Huriwai and Amis Cameron appeared on The Project NZ, revealing they'd only received blowback for the film on social media so far.
However Huriwai said some of those who featured in the film have received death threats from members of the dairy industry who feel threatened by the film.
"Many of the whistleblowers and the people we interviewed for the documentary have received death threats, bullets in their letterbox, things like that," Huriwai said.
"We are anticipating blowback but we just hope that anyone who feels threatened by the film, that they just watch the film and understand we are trying to bring this conversation up and we can all have a mature discussion about where we can go from here and a discussion that involves everyone."
Amis Cameron, who is an environmental leader and with a focus on plant-based food to address climate change, has the belief that every flat white you drink is leading us towards environmental collapse.
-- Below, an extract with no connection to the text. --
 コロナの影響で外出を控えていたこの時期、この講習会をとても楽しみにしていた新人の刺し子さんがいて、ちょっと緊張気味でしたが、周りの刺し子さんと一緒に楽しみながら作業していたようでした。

The executive producer wanted to stress that even though the film is set in New Zealand and looks at it's dairy industry, the problem is a global issue not just in New Zealand.
"It's a really, really important subject," Amis Cameron says. "Yes the film, Milked, looks at New Zealand, however it is a worldwide issue.
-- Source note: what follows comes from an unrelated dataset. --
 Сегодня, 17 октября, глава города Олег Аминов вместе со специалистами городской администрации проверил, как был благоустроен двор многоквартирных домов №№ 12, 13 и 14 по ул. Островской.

"It's not just a Kiwi-centric film, it definitely looks at what is happening here and the detrimental effects of animal agriculture on our environment but it's worldwide."
Huriwai, who is a passionate activist, believes dairy farming is having a terrible and negative effect on the environment in New Zealand.
"They produce more emissions than our entire transport sector, they use 11 times the domestic use of water in Aotearoa," Huriwai tells the Project.
"Considering a cow produces 14 times more effluent than a human, the fact we have lost 90 percent of our wetlands and we have more dairy cows than humans in Aotearoa you can imagine the incredible environmental impact this industry has."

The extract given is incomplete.